Please also note someone's birth assignment tells you NOTHING about their genitals either then or now. Please stop mapping AGAB to genitals. "AFAB" and "AMAB" are very useful terms in the trans community for discussion, but some allies are kinda being.... clumsy with them. Think long and hard about what you mean to convey.

If an anthology is for women, saying "submissions from AFABs, pls!" in an attempt to be nonbinary-inclusive then polices out trans women and AMAB enbys--and implies you think trans men are women. Saying "submissions from women and enbys, please!" is maybe okay in theory, but again ARE you okay with AMAB demiboys submitting? If yes, you may want to stress "submissions from women and ALL enbys" or something to make your intent clear.

If no, then what do you want? Women and feminine-identified / feminine-adjacent enbys? I think you can just say that! TL;DR: Inclusion is hard and I appreciate trying, but please think about how you word your inclusion outreach.

This doesn't mean people should stop using AFAB/AMAB, just a request that folks think about what they mean when they use them. Also the gentlest of warnings against broad statements like "AFAB people are socialized to...XYZ." As a general rule, socialization is done around gender. Women and people-perceived-as-women are socialized to XYZ. Socialization is complicated but understand that assigned gender at birth is not something immediately obvious at all times with all people.

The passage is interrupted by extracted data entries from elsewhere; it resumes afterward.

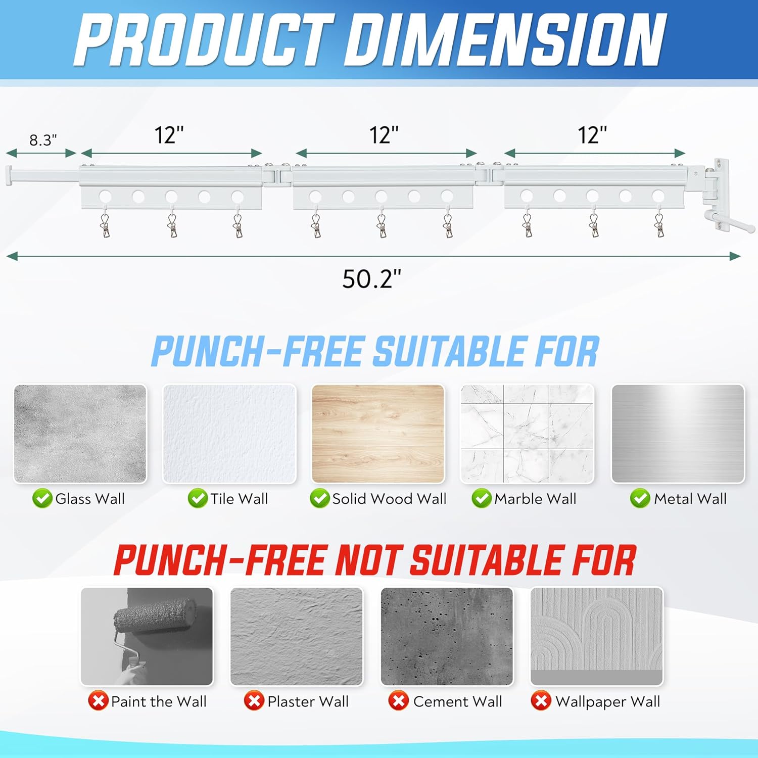 • Easy to Install -- Coming with the installation instructions and other installation accessories [Need Drilling] which help you install the drying rack clothing wall mount within 10 to 15 minutes. (Tips: Please make sure the wall or wood board is solid before installation.)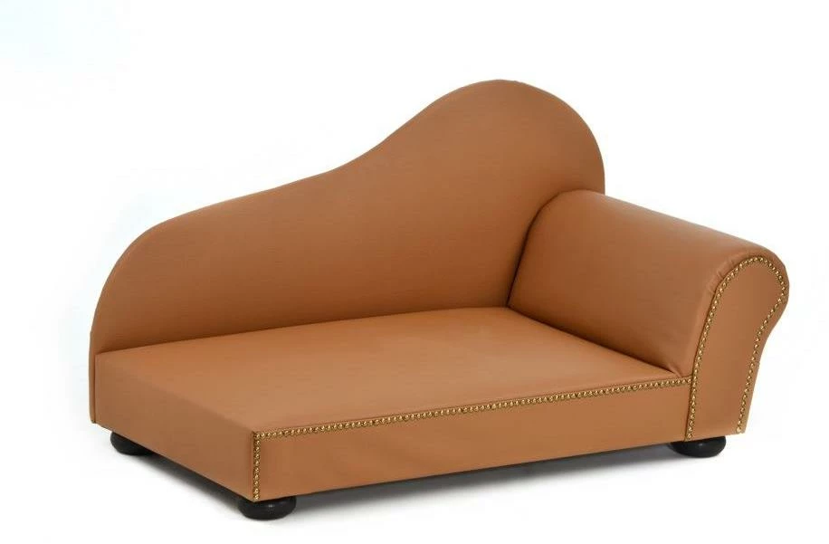 Ein Ottomane aus Kunstleder in nougatfarben als Sofa für Hunde mit höchsten Qualitätseigenschaften und in modernem Design. Made in Germay.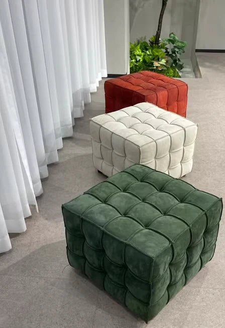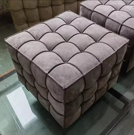 This versatile, stylish low stool is perfect for use in living rooms, cloakrooms, and commercial stores like shoe and clothing stores. Its rich nubuck leather texture and simple colors add a high-end feel.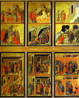 Duccio, siennois, est contemporain de Giotto qui travaillait autour de Florence et dont le cycle de la chapelle de l’Arena de Padoue (1305) inaugure d’une part le récit biblique par des panneaux cadrés, de grand format, d’autre part, la peinture à fresque à fond bleu, enfin une figuration réaliste des personnages qui a anticipé sur les recherches des peintres humanistes de la Renaissance.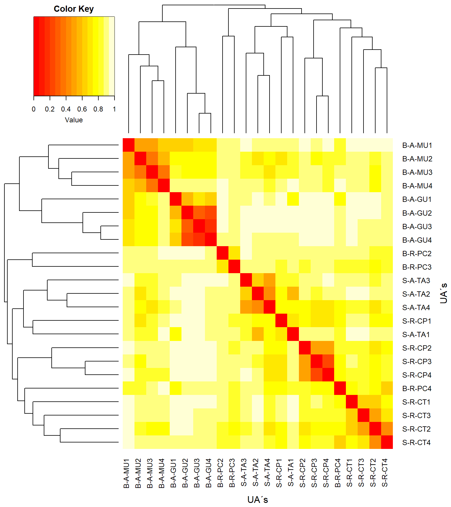 xlab = "UA´s", ylab = "UA´s",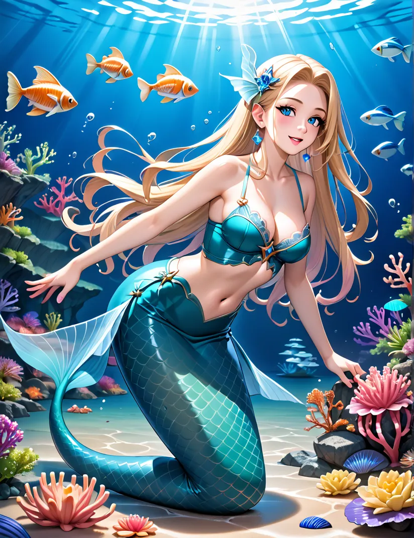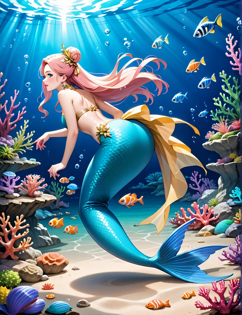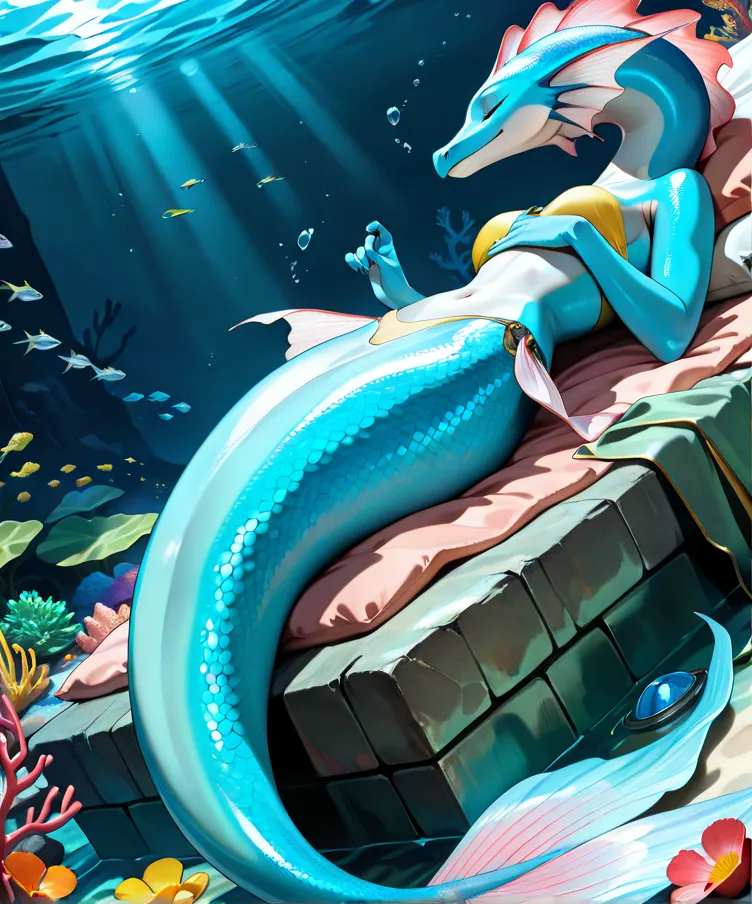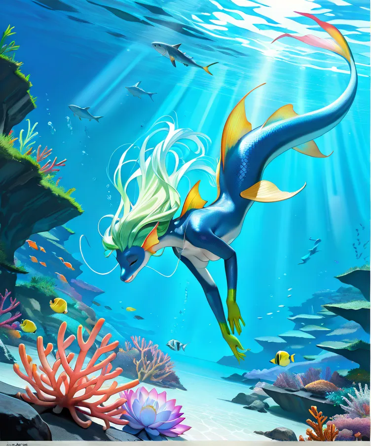 Uma sereia princesa incrivelmente bela com longos, cabelos bioluminescentes fluentes e escamas iridescentes, dormindo pacificamente em uma cama de suave, coral brilhante em um vibrante, fantástico jardim subaquático cheio de exóticos, flora luminosa . Ela usa roupas inspiradas na Atlântida, adornadas com detalhes dourados intrincados e pérolas cintilantes. Um magnífico e exquisito dragão marinho com barbatanas cintilantes e escamas majestosas, seu corpo entrelaçado com videiras de coral brilhante, assiste graciosamente sobre ela, atuando como seu protetor guardião. A luz etérea se filtra através da água cristalina, iluminando a cena com um brilho mágico. altamente detalhado, ultrarrealista, Fantasy Art, iluminação cinematográfica, 8k, detalhes intrincados, obra-prima, iluminação dramática.

I see enbys who are regularly perceived as their assigned birth gender making this mistake of using AF/MAB to mean People Perceived As F/M. And those two things--(1) Assigned Gender at Birth, (2) Perceived Gender Now--are not the same thing for everyone. And socialization about what boys/girls mean and do are soaked up by EVERYONE, not just people with specific birth assignations. When we say "AFABs are socialized to be nice", there's some implied weirdness going on there that, say, trans women missed that message.

I understand why fembys want something more than "women are socialized to be nice" because we're NOT women, but "AFAB" isn't it. "Women and people perceived as women are socialized to be nice" or "Society expects women-perceived people to be nice" maybe. The larger point here is that nonbinary-inclusiveness should NOT throw out trans men and trans women with the bathwater.

And here is the point where I scold cis people very very very gently. Cover your eyes if you can't deal with scolding. Cis Allies, I better see you put AS MUCH IF NOT WAY MORE effort into outreach for trans women and men as you do for us enbys.

Back to 'how do I word the anthology call to be trans-inclusive?' how do I KNOW that "women authors" means you include trans women? "Well, you should just assume I'm not a TERF--" no sir, that is not an even risk calculation there at all. Consider making your trans inclusion explicit and not a quick afterthought. Like: "This is a trans-inclusive anthology call. We accept submissions from cis and trans women, as well as feminine-adjacent nonbinary genders."

If the only way I can guess you're trans-inclusive is a wave in the direction of enbys? THAT IS A PROBLEM, MY CIS FRIENDS. "But I include enby people--" So do a lot of TERFs, my friend. Still doesn't mean you are safe. So please please please PLEASE make your trans-inclusion efforts explicitly outreach to binary trans men* and trans women, not just us enbys.

* An addition, but: Why are you excluding trans men? Consider this carefully because it again ties back into the question "what is the anthology for?" If you're wanting to talk about childbirth and periods, or about growing up perceived as a girl, or really any number of things... trans men are going to have a valid perspective on that. Trans men are men, but they're not cis men.

** If you're open to trans men being included in your thing if they want to be--and 9 times out of 10, I think this is optimal--consider just saying "open to women and all trans people". That covers everyone and you don't have to haul out things like "feminine-adjacent genders" which is going to alienate some folks because it's potentially reinforcing of the gender binary.